Its ok Mark. I know the statistics are pretty even. I was just relating that to her situation not making a generalisation. My apologies if that came across as aimed at all men. :) (which it is not, I love my dad and my brothers. :p)
 
Thanks everyone again, for more encouragement and positive thoughts - all help me to stay sane. I have a circle of close family members (including his) and friends, here and overseas, who have rallied behind me and invited me to come and stay with them if I ever felt lonely or wanted to get away.

Skater: He said he opened a bank account in his own name because "if you die, the joint name account may be frozen and it is easier for me to access money for living if I have an account in my name only". He said very little money is in that account at present.

The rent income from the 3 investment properties in the name of the trust goes into an account in the trust name. We both have access to this account. From time to time I make payments for his loans on these properties from this account.
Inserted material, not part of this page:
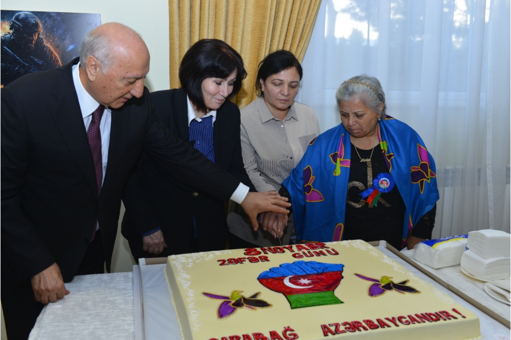 Tədbirdə Birinci Qarabağ müharibəsində həyat yoldaşı şəhid olmuş Təranə Əhlimanova, İkinci Qarabağ müharibəsində oğlu şəhidlik zirvəsinə yüksəlmiş Tərlan Əliyeva, Birinci Qarabağ müharibəsi veteranı Məhəmməd Behbudov, İkinci Qarabağ müharibəsi qazisi Ramiz Qasımov Zəfər Gününün tarixi və mənəvi əhəmiyyətinə toxunublar. Onlar qeyd ediblər ki, 8 Noyabr Azərbaycan xalqının qəhrəmanlıq salnaməsidir və bu tarix gələcək nəsillər üçün vətənpərvərlik nümunəsidir. Çıxışlarda şəhidlərin əziz xatirəsinin daim uca tutulacağı, qazilərə və müharibə iştirakçılarına göstərilən diqqətin davam etdiriləcəyi bildirilib.

The dividend income goes directly into another loan account.

At the moment, the money for my living expenses (food and household bills) still comes from our joint name account where his salary goes in and he said he would leave in place until he decides on what to do. My lawyer said if he stops giving me money for living expenses then we would go to court to seek an order for him to set aside so much of his salary for my living expenses on a temporary basis until the binding financial agreement is in place.

A funny thing was that when he moved out he said his mother lent him money for the deposit and first month rent! Our credit card bills are very high at the moment with him taking a holiday to Asia & Europe for 2 weeks (by himself) and all the new appliances he bought for the rented unit.

Joyce: His aunty kept saying to me, not to stay home and cry but to go out and keep myself busy. So, I meet up with friends and play golf once a week. I have big plans to travel and do good for many causes after the financials are in place. One of my friends said "statiscs has shown that generally women outlive men, so just think you don't have to look after him in the nursing home when he is old or pay his large medical bills when he is sick"

Lizzie and Mark: Thanks for your posts. It is strange but throughout our crisis to date, I do feel sorry for my ex - eventhough he has done a terrible thing to me. He has not shown much emotion and kept a distance from me as if I was a leper.